**ACTIVITY:** The lines below, from the one holding "V úterý 11." through the final line, are to be copied exactly, with no other lines and no pictures.

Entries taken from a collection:
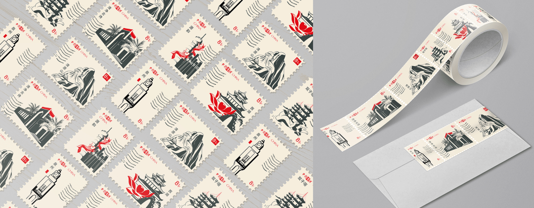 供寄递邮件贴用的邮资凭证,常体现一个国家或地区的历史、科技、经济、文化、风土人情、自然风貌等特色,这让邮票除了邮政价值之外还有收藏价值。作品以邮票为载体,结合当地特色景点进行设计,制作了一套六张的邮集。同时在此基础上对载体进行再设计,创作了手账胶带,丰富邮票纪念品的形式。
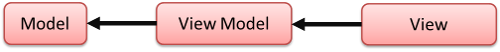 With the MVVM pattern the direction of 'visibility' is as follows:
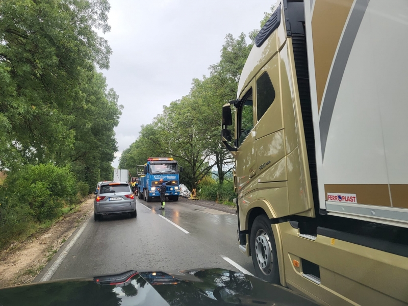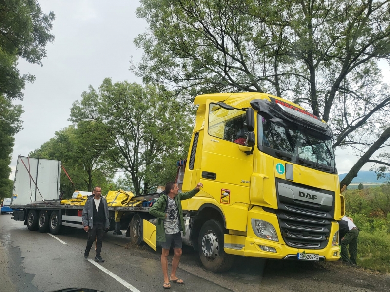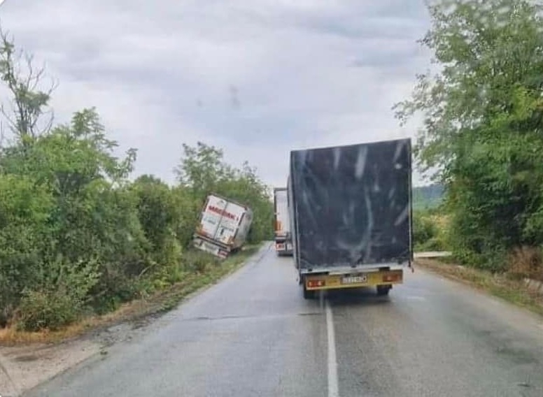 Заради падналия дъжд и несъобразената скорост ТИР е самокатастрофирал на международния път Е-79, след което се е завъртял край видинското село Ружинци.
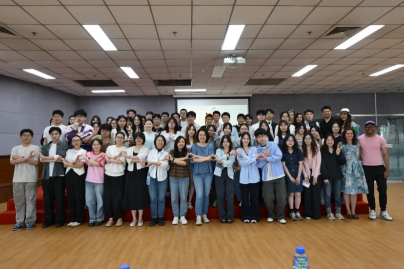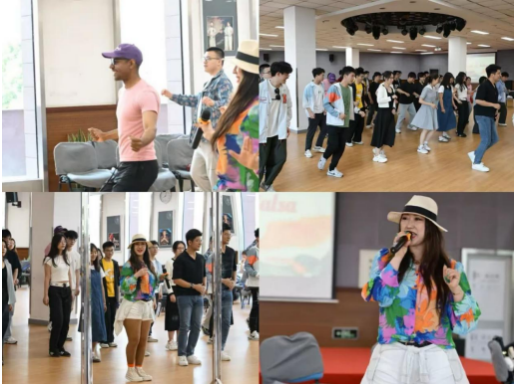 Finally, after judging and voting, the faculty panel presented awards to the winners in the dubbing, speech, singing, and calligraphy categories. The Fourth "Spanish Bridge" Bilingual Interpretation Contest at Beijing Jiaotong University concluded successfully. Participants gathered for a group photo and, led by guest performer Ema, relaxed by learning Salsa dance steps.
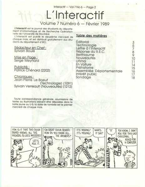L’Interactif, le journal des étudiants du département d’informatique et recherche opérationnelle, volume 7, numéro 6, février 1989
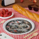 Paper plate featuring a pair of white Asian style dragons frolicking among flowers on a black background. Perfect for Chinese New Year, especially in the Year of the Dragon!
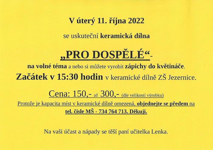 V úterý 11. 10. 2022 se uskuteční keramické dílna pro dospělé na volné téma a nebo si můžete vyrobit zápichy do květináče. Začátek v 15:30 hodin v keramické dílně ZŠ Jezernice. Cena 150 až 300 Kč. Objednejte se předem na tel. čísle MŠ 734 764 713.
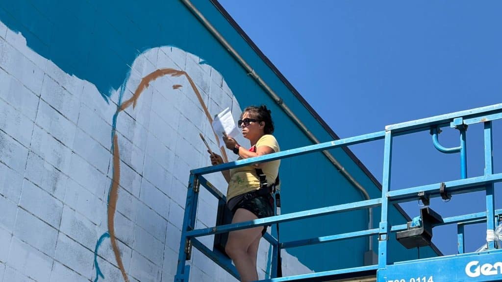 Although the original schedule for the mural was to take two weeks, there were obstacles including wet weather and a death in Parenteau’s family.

**OUTPUT OF THE EXERCISE:**
 V úterý 11. 10. 2022 se uskuteční keramické dílna pro dospělé na volné téma a nebo si můžete vyrobit zápichy do květináče. Začátek v 15:30 hodin v keramické dílně ZŠ Jezernice. Cena 150 až 300 Kč. Objednejte se předem na tel. čísle MŠ 734 764 713.
 Although the original schedule for the mural was to take two weeks, there were obstacles including wet weather and a death in Parenteau’s family.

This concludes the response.